◆ **YOUR TASK**:
In your copy, include every entry exactly as written but no pictures.

[Records from a data collection]
_ _ _

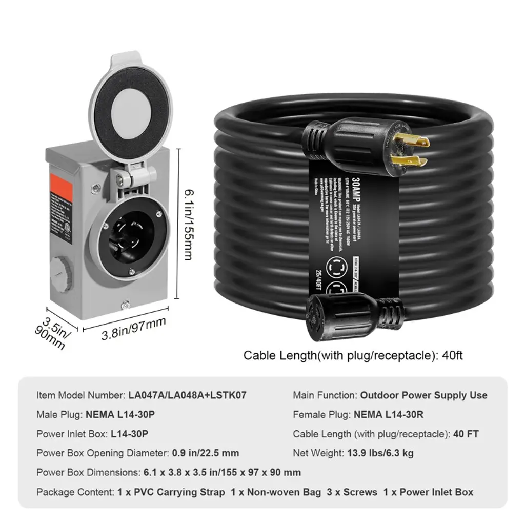 Feature: Premium 30A Generator Cord: Our generator cord is STW gauge with a 4 x 10AWG wire, supporting up to 30 AMP current. Featuring a NEMA L14-30P male plug designed to fit into a 30A generator output and a twist-lock NEMA L14-30R female plug for a secure connection to a 30A power inlet box with a NEMA L14-30P male end. Perfect for emergency power needs in any weather! ETL Certified Reliability: Ensure ultimate security and durability with our ETL-certified generator cord and power inlet box, designed to withstand tough conditions. This 40-foot heavy-duty generator cord is crafted from pure copper wiring and encased in flame-retardant PVC that resists heat and UV damage. It protects against rain, wind, snow, soil, and rocks, even when used outdoors for long periods. Flip Cover Power Inlet Box: Featuring a pre-drilled hole design with detachable plug, this power inlet box simplifies installation without additional tools. Its entire casing is coated with a rust-resistant layer, providing robust protection against wind, rain, and dust. The clear indicator light on the flip cover illuminates when the power is successfully connected, allowing for easy visibility at any time of day or night. Self-Locking Design: The generator cord is designed with self-locking male and female plugs, allowing for easy connection while significantly reducing the damage from forceful plugging or unplugging. Once the plug is inserted and twisted to lock, it ensures a tight and stable connection that won’t accidentally dislodge from the socket, protecting against dust and water intrusion. Enjoy peace of mind with every connection. Ideal for Outdoor Power Needs: Experience uninterrupted power supply to your home or RV with our 30A generator cord and power inlet box kit, even during power outages and severe weather conditions. It includes a carrying strap and a storage bag, making it easy to handle and store. When not in use, the generator cord can be easily rolled up and stored without taking up space in your RV or home. Rely on our kit for a stable and dependable power output! Package Content 1 x PVC Carrying Strap 1 x Non-woven Bag 3 x Screws 1 x Power Inlet Box
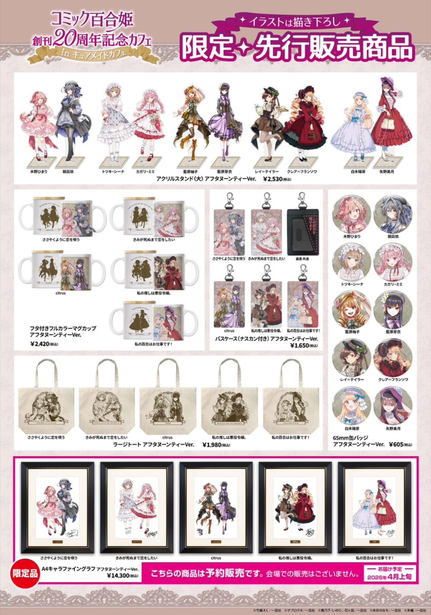 2025年12月19日〜2026年1月12日まで開催される「コミック百合姫」カフェでは、人気作品の新作グッズを多数先行販売!
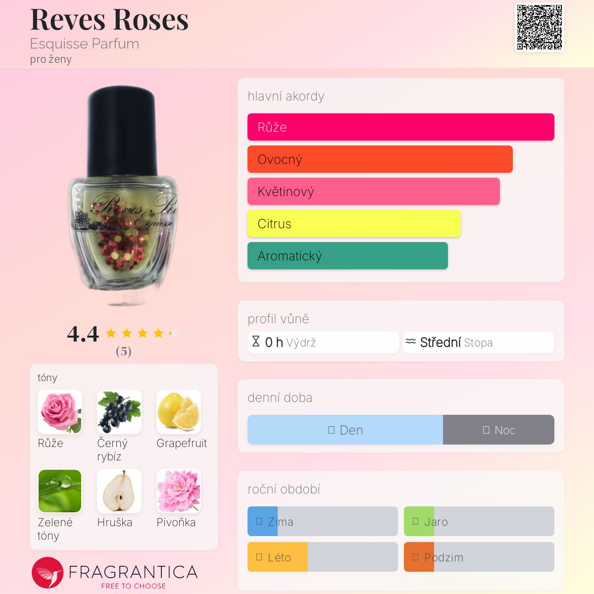 Reves Roses podle Esquisse Parfum je Floral Fruity vůně pro ženy. Reves Roses byl/a uveden/a v roce 2018. "Nosem" za touto vůní je Marina Volkova. Vrchní tóny jsou Růžový grapefruit, Zelený tón a Hruška; střední tóny jsouRůže de Mai, Černý rybíz, Pivoňka, Kosatec, Ylang-Ylang, Semiš a Růžový pepř ; základní tóny jsou Elimi, Jantar (ambra), Pižmo a Palisandr.
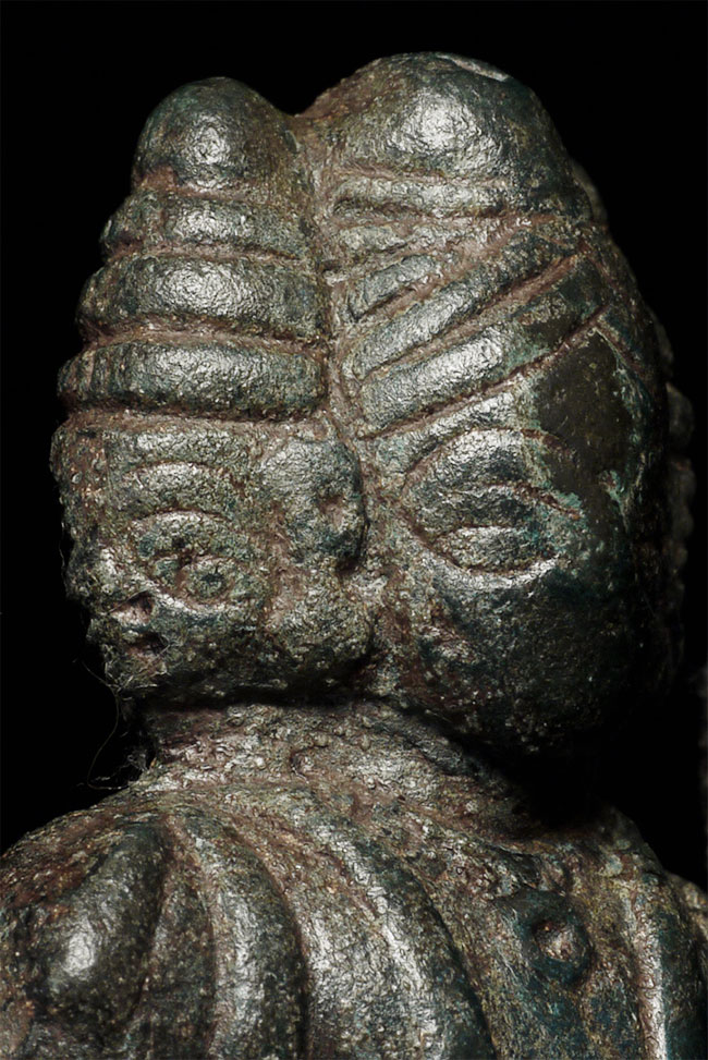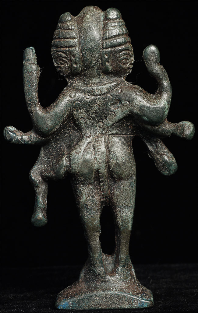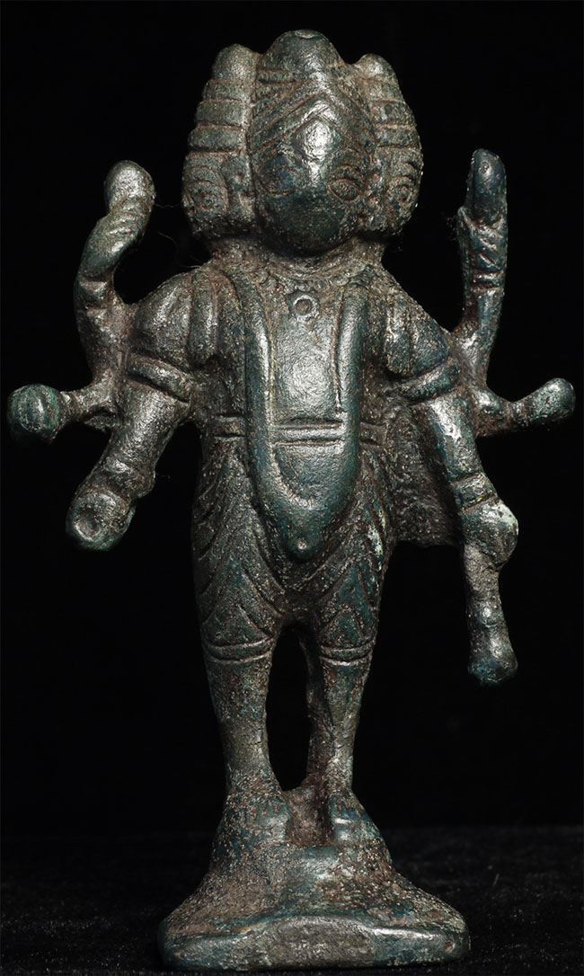 Four face Hindu figure with significant ritual wear. Stands 3.5" tall
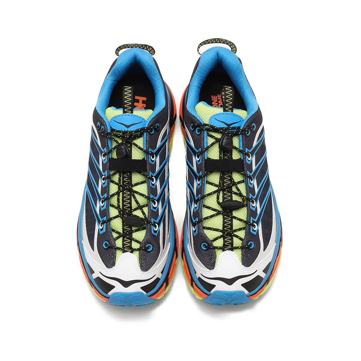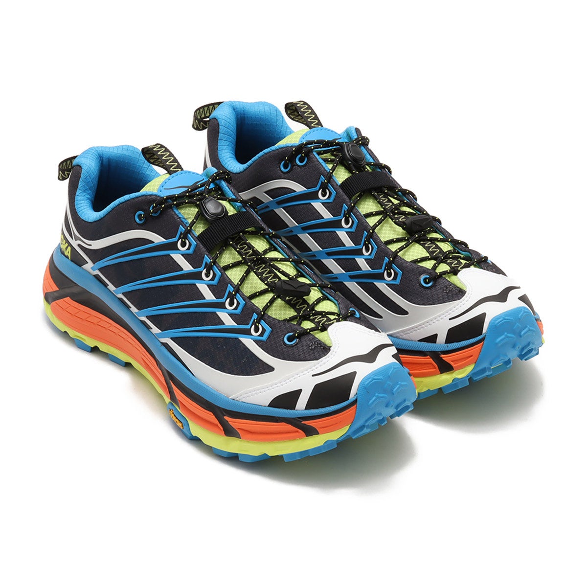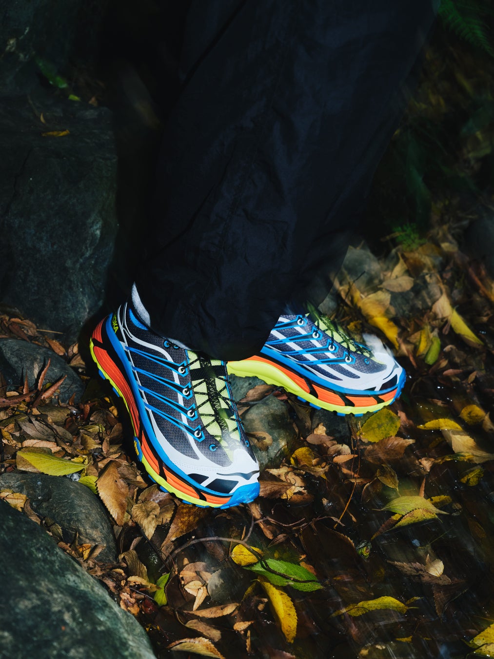 最後は、レトロな佇まいが新鮮に映るMAFATE THREE2がラインナップ。トレイルランニングタイプのMAFATE SPEED 2のシルエットを活かしながら大胆なロゴを配したデザインが特徴的なHOKAのアーカイブモデルMAFATE 3のアッパーを組み込んだマッシュアップなモデル。また、マチ付きで可動域が多いシュータンとフィット感を調節できるクイックレースシステムを搭載して履きやすさにも配慮し、アウトソールは耐久性に優れたVibramソールを採用。「HOKA」らしさを詰め込んだハイテク顔な一足です。
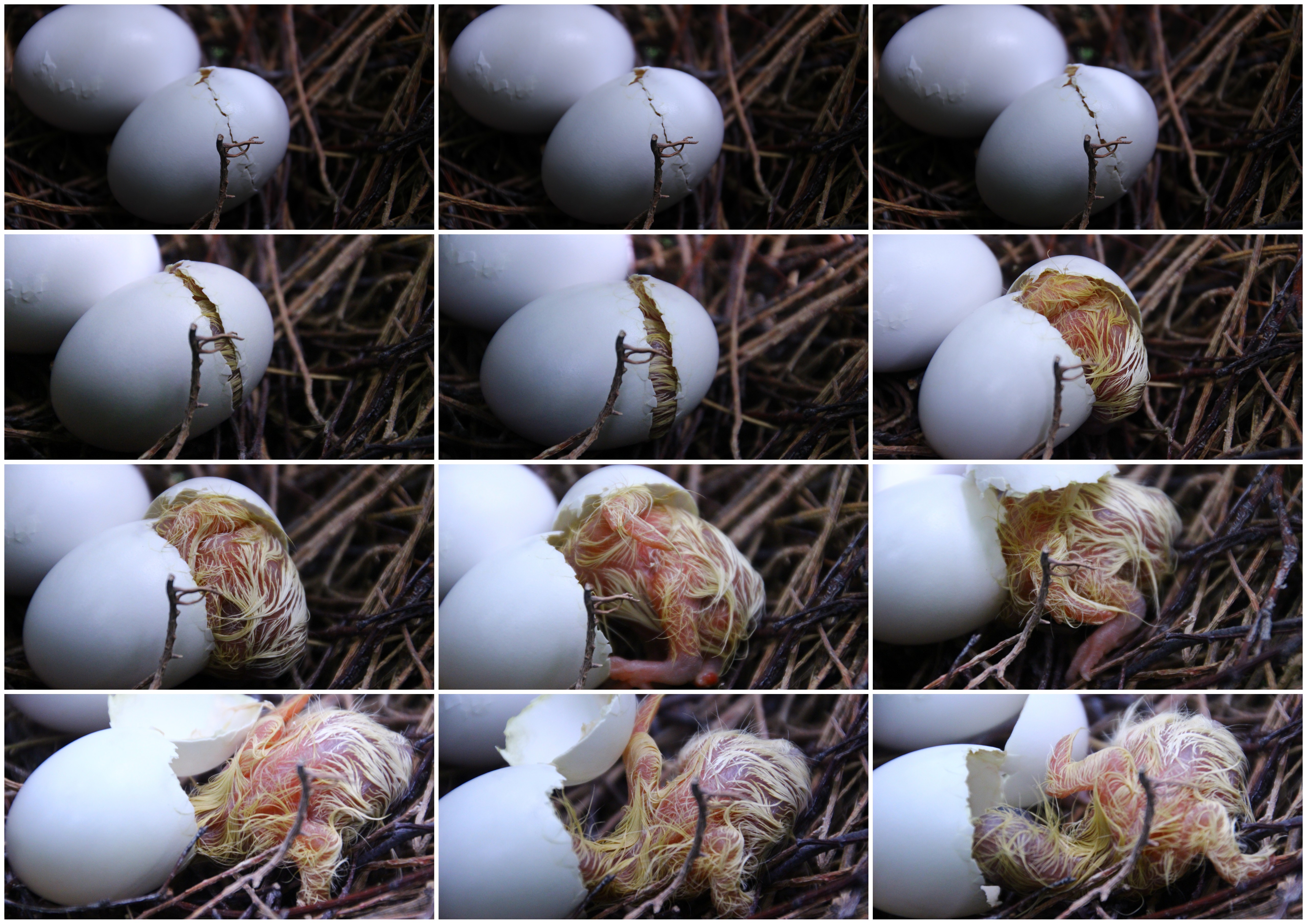 어린 새는 목 양쪽에 흰색 반점이 없다. 생후 약 6개월(둥지에서 약 3개월)이 되면 목 양쪽에 작은 흰색 반점이 생기며, 새가 약 6~8개월이 될 때 완전히 형성될 때까지 점차 커진다. 어린 새는 또한 어른 새보다 부리가 더 회색이며 전체적으로 더 밝은 회색을 띤다.
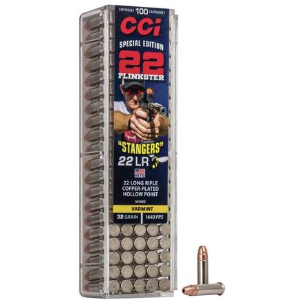 CCI Stinger isn't just a great load for pinning down varmints. It's also been one of the top choices of YouTube shooting sensation 22plinkster. That's why we've introduced special-edition “Stangers”—loads named for his signature drawl. Like the original, Stangers' 32-grain copper-plated hollow-point bullet leaves the muzzle at 1,640 fps and provide CCI's legendary precision and accuracy.
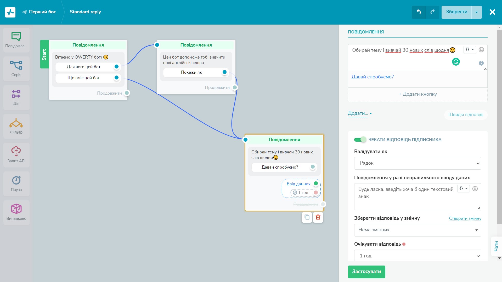 Activechat поєднує у собі чат-бот зі штучним інтелектом та онлайн-чат. Коли клієнт надсилає повідомлення, його аналізує бот та порівнює повідомлення з існуючими сценаріями. Якщо знаходить збіг, то відповідає користувачу, якщо ні, підключає до діалогу менеджера. Бот аналізує розмову з клієнтом у реальному часі, запам’ятовує його фрази та навчається. Додайте до словника фрази, які може використовувати ваш клієнт, щоб пришвидшити навчання чат-бота.
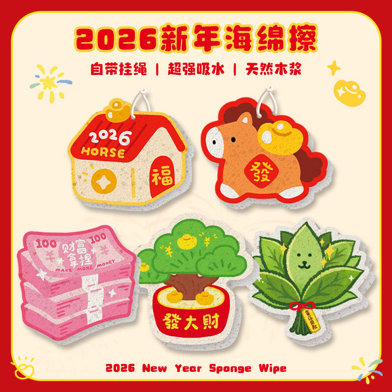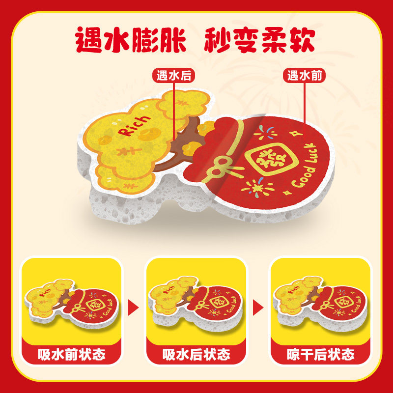 📚 新年發财树海绵擦魔力擦家用厨房洗碗擦抹布压缩木桨棉去污百洁布
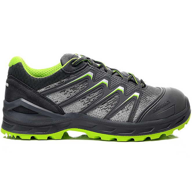 The LARROX Work GTX grey Lo S3 CI from our LOWA Work Collection is an absolute all-rounder. The chic look in plain grey is brought along by the hydrophobic textile material. The upper material is robust. To prevent premature wear, the S3 shoe has a TPU overcap. GORE-TEX waits inside, making the shoe waterproof and providing a pleasantly regulated shoe climate. The colourful touch is provided by the lime-green outsole made of GUMMI/PU, which offers secure grip thanks to SRC certification. Even in sub-zero temperatures, the safety shoe is a good choice because the cold insulation makes cold feet a thing of the past. A steel toe cap and the metal-free penetration protection protect against external dangers. Available in sizes 39-48.
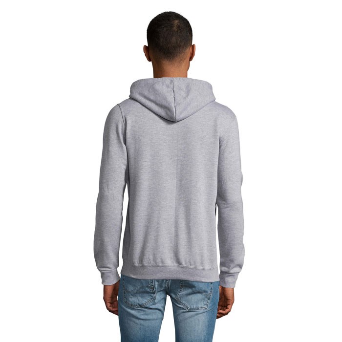 SOL'S STONE Unisex, Hoodie/Kapuzenjacke mit durchgehendem Reißverschluss und 2 Känguru-Taschen auf der Vorderseite. Kapuze mit Ton-in-Ton-Kordelzug, Rippenbündchen am Saum und an den Ärmeln. Seitennähte. No Label. Material: 260g/m², angerautes Material aus 50 % Baumwolle - 50 % Polyester.
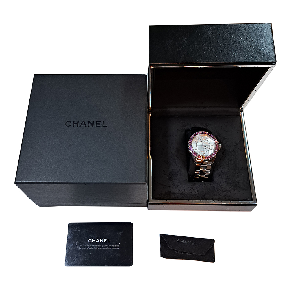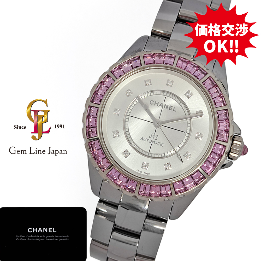 商品名 | シャネル J12 H3295 38mm クロマティック チタンセラミック WGベゼル ピンクサファイア 12P純正ダイヤ ギャラ付 メンズ 自動巻 時計 | ||
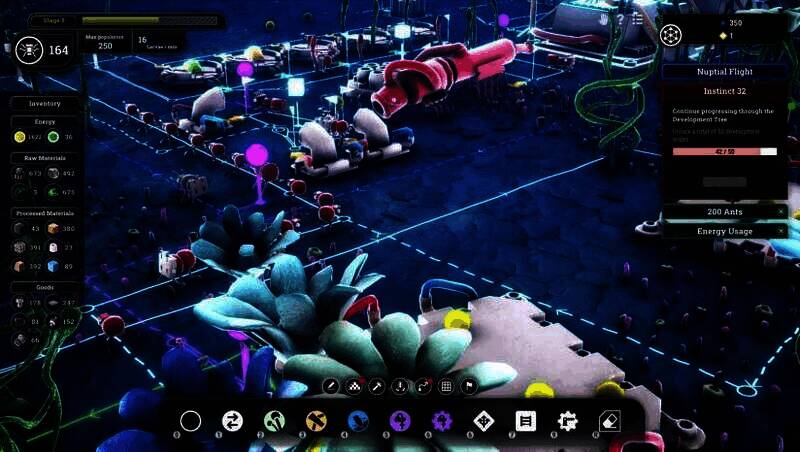 玩家需派遣工蚁去采集资源,建造各类建筑,为蚁后产卵提供支持,进而为蚁群社会增添新的劳动力。
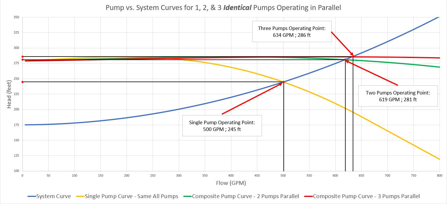 Consider the operating points from Table 1 for two or three pumps in parallel. It is apparent that the composite operating point where the composite pump and system curves intersect is the total flow through each pump added together while the pump head is the average of each of the individual pumps. However, this is NOT by design and the composite operating point only happens to be the case because the pumps and their curves are identical, and that this system is very symmetrical.
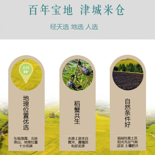 产自津城宝地,依山傍海的环境和碱性黑土质,蕴育着稻米的优良生长。以充足的日照积温,使米粒颗粒浓醇,蒸出来的滋味喷香可口。
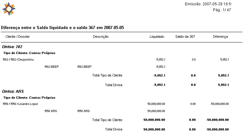 Este mapa apresenta uma relação por cliente/Dossier, com o valor liquidado na conta à ordem associada por defeito a cada dossier, e o valor contabilizado na respectiva 367, para efeitos de controle de descobertos financeiros.
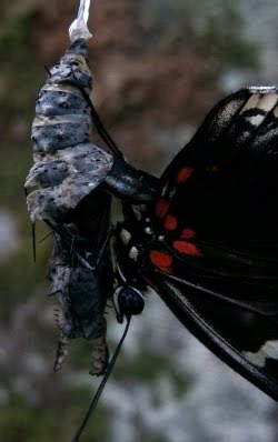 فقبل خروج الفراشة بيوم تقريبا يقوم أحد الذكور بالإلتصاق بالشرنقة وتغطيتها بأجنحته لكي لا يسمح للذكور الآخرين من الإقتراب منها
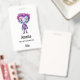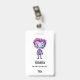 Name badge with a cute illustration. Frankenstein monster with pink and purple hair and a dapper coat and tie.

_ _ _

◆ **ANSWER SECTION**:
 Feature: Premium 30A Generator Cord: Our generator cord is STW gauge with a 4 x 10AWG wire, supporting up to 30 AMP current. Featuring a NEMA L14-30P male plug designed to fit into a 30A generator output and a twist-lock NEMA L14-30R female plug for a secure connection to a 30A power inlet box with a NEMA L14-30P male end. Perfect for emergency power needs in any weather! ETL Certified Reliability: Ensure ultimate security and durability with our ETL-certified generator cord and power inlet box, designed to withstand tough conditions. This 40-foot heavy-duty generator cord is crafted from pure copper wiring and encased in flame-retardant PVC that resists heat and UV damage. It protects against rain, wind, snow, soil, and rocks, even when used outdoors for long periods. Flip Cover Power Inlet Box: Featuring a pre-drilled hole design with detachable plug, this power inlet box simplifies installation without additional tools. Its entire casing is coated with a rust-resistant layer, providing robust protection against wind, rain, and dust. The clear indicator light on the flip cover illuminates when the power is successfully connected, allowing for easy visibility at any time of day or night. Self-Locking Design: The generator cord is designed with self-locking male and female plugs, allowing for easy connection while significantly reducing the damage from forceful plugging or unplugging. Once the plug is inserted and twisted to lock, it ensures a tight and stable connection that won’t accidentally dislodge from the socket, protecting against dust and water intrusion. Enjoy peace of mind with every connection. Ideal for Outdoor Power Needs: Experience uninterrupted power supply to your home or RV with our 30A generator cord and power inlet box kit, even during power outages and severe weather conditions. It includes a carrying strap and a storage bag, making it easy to handle and store. When not in use, the generator cord can be easily rolled up and stored without taking up space in your RV or home. Rely on our kit for a stable and dependable power output! Package Content 1 x PVC Carrying Strap 1 x Non-woven Bag 3 x Screws 1 x Power Inlet Box
 2025年12月19日〜2026年1月12日まで開催される「コミック百合姫」カフェでは、人気作品の新作グッズを多数先行販売!
 Reves Roses podle Esquisse Parfum je Floral Fruity vůně pro ženy. Reves Roses byl/a uveden/a v roce 2018. "Nosem" za touto vůní je Marina Volkova. Vrchní tóny jsou Růžový grapefruit, Zelený tón a Hruška; střední tóny jsouRůže de Mai, Černý rybíz, Pivoňka, Kosatec, Ylang-Ylang, Semiš a Růžový pepř ; základní tóny jsou Elimi, Jantar (ambra), Pižmo a Palisandr.
 Four face Hindu figure with significant ritual wear. Stands 3.5" tall
 最後は、レトロな佇まいが新鮮に映るMAFATE THREE2がラインナップ。トレイルランニングタイプのMAFATE SPEED 2のシルエットを活かしながら大胆なロゴを配したデザインが特徴的なHOKAのアーカイブモデルMAFATE 3のアッパーを組み込んだマッシュアップなモデル。また、マチ付きで可動域が多いシュータンとフィット感を調節できるクイックレースシステムを搭載して履きやすさにも配慮し、アウトソールは耐久性に優れたVibramソールを採用。「HOKA」らしさを詰め込んだハイテク顔な一足です。
 어린 새는 목 양쪽에 흰색 반점이 없다. 생후 약 6개월(둥지에서 약 3개월)이 되면 목 양쪽에 작은 흰색 반점이 생기며, 새가 약 6~8개월이 될 때 완전히 형성될 때까지 점차 커진다. 어린 새는 또한 어른 새보다 부리가 더 회색이며 전체적으로 더 밝은 회색을 띤다.
 CCI Stinger isn't just a great load for pinning down varmints. It's also been one of the top choices of YouTube shooting sensation 22plinkster. That's why we've introduced special-edition “Stangers”—loads named for his signature drawl. Like the original, Stangers' 32-grain copper-plated hollow-point bullet leaves the muzzle at 1,640 fps and provide CCI's legendary precision and accuracy.
 Activechat поєднує у собі чат-бот зі штучним інтелектом та онлайн-чат. Коли клієнт надсилає повідомлення, його аналізує бот та порівнює повідомлення з існуючими сценаріями. Якщо знаходить збіг, то відповідає користувачу, якщо ні, підключає до діалогу менеджера. Бот аналізує розмову з клієнтом у реальному часі, запам’ятовує його фрази та навчається. Додайте до словника фрази, які може використовувати ваш клієнт, щоб пришвидшити навчання чат-бота.
 📚 新年發财树海绵擦魔力擦家用厨房洗碗擦抹布压缩木桨棉去污百洁布
 The LARROX Work GTX grey Lo S3 CI from our LOWA Work Collection is an absolute all-rounder. The chic look in plain grey is brought along by the hydrophobic textile material. The upper material is robust. To prevent premature wear, the S3 shoe has a TPU overcap. GORE-TEX waits inside, making the shoe waterproof and providing a pleasantly regulated shoe climate. The colourful touch is provided by the lime-green outsole made of GUMMI/PU, which offers secure grip thanks to SRC certification. Even in sub-zero temperatures, the safety shoe is a good choice because the cold insulation makes cold feet a thing of the past. A steel toe cap and the metal-free penetration protection protect against external dangers. Available in sizes 39-48.
 SOL'S STONE Unisex, Hoodie/Kapuzenjacke mit durchgehendem Reißverschluss und 2 Känguru-Taschen auf der Vorderseite. Kapuze mit Ton-in-Ton-Kordelzug, Rippenbündchen am Saum und an den Ärmeln. Seitennähte. No Label. Material: 260g/m², angerautes Material aus 50 % Baumwolle - 50 % Polyester.
 商品名 | シャネル J12 H3295 38mm クロマティック チタンセラミック WGベゼル ピンクサファイア 12P純正ダイヤ ギャラ付 メンズ 自動巻 時計 | ||
 玩家需派遣工蚁去采集资源,建造各类建筑,为蚁后产卵提供支持,进而为蚁群社会增添新的劳动力。
 Consider the operating points from Table 1 for two or three pumps in parallel. It is apparent that the composite operating point where the composite pump and system curves intersect is the total flow through each pump added together while the pump head is the average of each of the individual pumps. However, this is NOT by design and the composite operating point only happens to be the case because the pumps and their curves are identical, and that this system is very symmetrical.
 产自津城宝地,依山傍海的环境和碱性黑土质,蕴育着稻米的优良生长。以充足的日照积温,使米粒颗粒浓醇,蒸出来的滋味喷香可口。
 Este mapa apresenta uma relação por cliente/Dossier, com o valor liquidado na conta à ordem associada por defeito a cada dossier, e o valor contabilizado na respectiva 367, para efeitos de controle de descobertos financeiros.
 فقبل خروج الفراشة بيوم تقريبا يقوم أحد الذكور بالإلتصاق بالشرنقة وتغطيتها بأجنحته لكي لا يسمح للذكور الآخرين من الإقتراب منها
 Name badge with a cute illustration. Frankenstein monster with pink and purple hair and a dapper coat and tie.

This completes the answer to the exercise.